The real potential of AI is in freeing the creative energy of smart people. AI is already turning obsessions and random insights into reality - that is, essentially, it’s primarily an exponential unlocking of human creativity that we didn’t even suspect existed.
The Energy Economics: A Constraint and an Opportunity
Yet this democratization of creativity comes with a fundamental cost. While AI accelerates development and unlocks human potential, it does so at an enormous energetic price. The $600B in projected data center operating costs by 2026 represents not just a financial burden but a physical limitation on how much AI we can deploy.
The irony is profound: we’re building systems that are a trillion times less energy-efficient than the human brain to augment - and potentially replace - human labor. Yet the human brain itself represents the gold standard of computational efficiency that we’re nowhere close to matching.
This creates several interesting dynamics:
The optimization imperative: As energy costs remain high and chip prices fall, the competitive advantage shifts to those who can extract maximum value from each watt consumed. Companies that can achieve better results with smaller, more efficient models will have a significant edge.
The infrastructure bottleneck: The 29 GW of power required for AI data centers by 2026 is equivalent to the output of roughly 30 nuclear power plants. This isn’t just a cost issue, it’s a question of whether the physical infrastructure can even support the AI buildout that companies are planning.
The economic crossover point: Despite the massive energy consumption, AI is already approaching and in some cases crossing the point where it’s economically advantageous to use it instead of human labor for specific tasks. Training a model costs millions, but deploying it at scale costs mere electricity and hardware.

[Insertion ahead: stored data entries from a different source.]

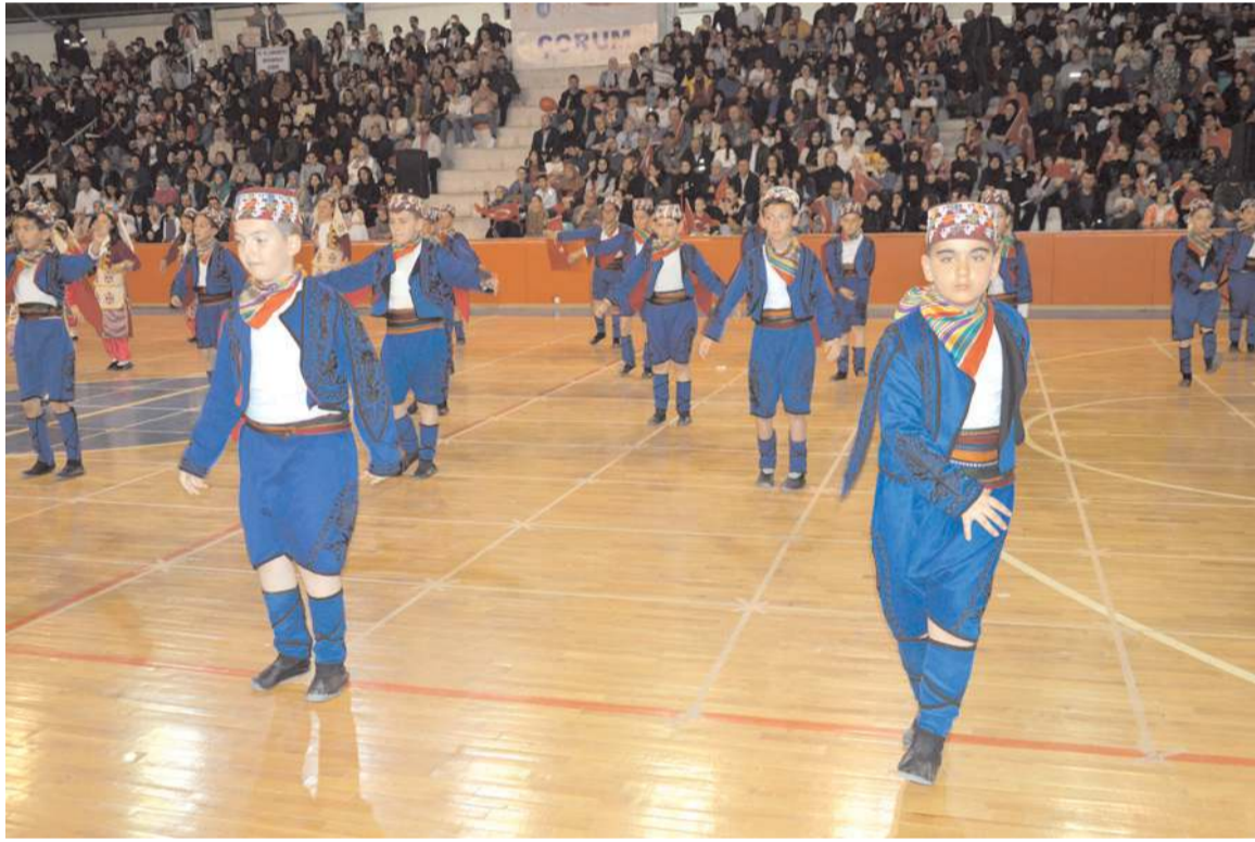
23 Nisan Ulusal Egemenlik ve Çocuk Bayramı nedeniyle Atatürk Spor Salonunda kutlama programı yapıldı.
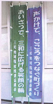
「のぼり旗作成」(今年度)

「きめ細かな福祉活動」を目標に挨拶運動を推進していくための、のぼり旗を作成されました。保育園と小中学校、各種団体へ配布され、地域福祉の取り組みを進められています。
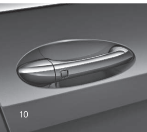
Türgriffe mit Chromeinleger
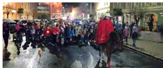
Szent Márton ismét lovon érkezett meg Tapolcára

ták a gyerekeket. Szépen fogott a forró tea, forralt bor, zsíroskenyér, sült alma- és tök, de a sütemény is. Sokan megtekintették a székesfehérvári Borostyán Hagymányörző Egyesület vikingjeinek bemutatóját, majd meggyújtották a lámpásokban a mécseseket és a lovon érkező Szent Mártont követve, sétával ért véget a negyedik tapolcai Márton napi ünnepség. (km)
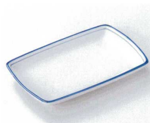
セ114-43-2 呉須筋 焼物皿 (19.5×12.3×2.5cm) ¥660 1832115011
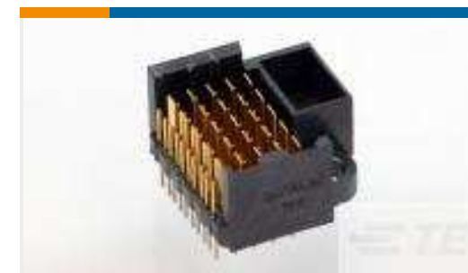
TE Teilnr.: 5120680-2 Z-PACK HS3 HDR 6R RH FT
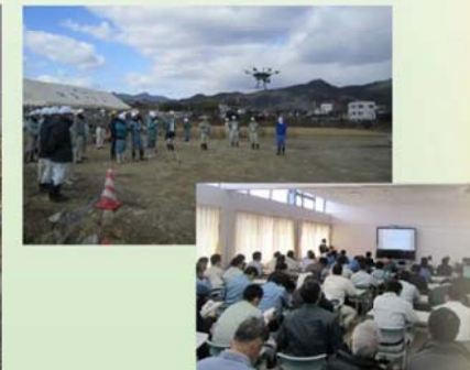
現場見学会・意見交換会

The strategic race: Bostrom’s scenario of a first-mover advantage in superintelligence becomes even more critical when viewed through the lens of energy economics. The first organization to create a truly self-improving AI won’t just have a technological advantage, they’ll have an economic moat measured in orders of magnitude of efficiency improvement.
The Real Meaning for the Future
We’re living through a strange transitional period. AI systems are simultaneously:
Vastly less efficient than human brains in energy terms Increasingly more economical than human labor in specific domains
Rapidly improving in both capability and efficiency
Fundamentally reshaping how work gets done
Here is the real revolution: AI is unlocking human potential that was always there but constrained by the mechanics of execution. When a business analyst can prototype a working application overnight, when a marketer can test a hundred variations of a campaign in an afternoon, when a consultant can analyze patterns across thousands of projects in minutes - we’re removing the friction between insight and implementation.
The energy economics are daunting, but they’re also temporary. Moore’s Law may be slowing for traditional computing, but we’re in the early exponential phase of AI efficiency improvements. Each generation of models becomes more capable while requiring less compute. Each generation of chips delivers more operations per watt.
The brain’s 10¹² times better energy efficiency is a proof that radically more efficient intelligence is physically possible.
For now, we’re in a race: between the exponential growth of AI capabilities and adoption, and the linear constraints of energy infrastructure and human adaptation. The organizations and individuals who understand this dynamic and position themselves accordingly will thrive. Those who wait for the transition to complete will find themselves obsolete.
The energy costs are enormous, but the opportunity costs of not adapting are even greater.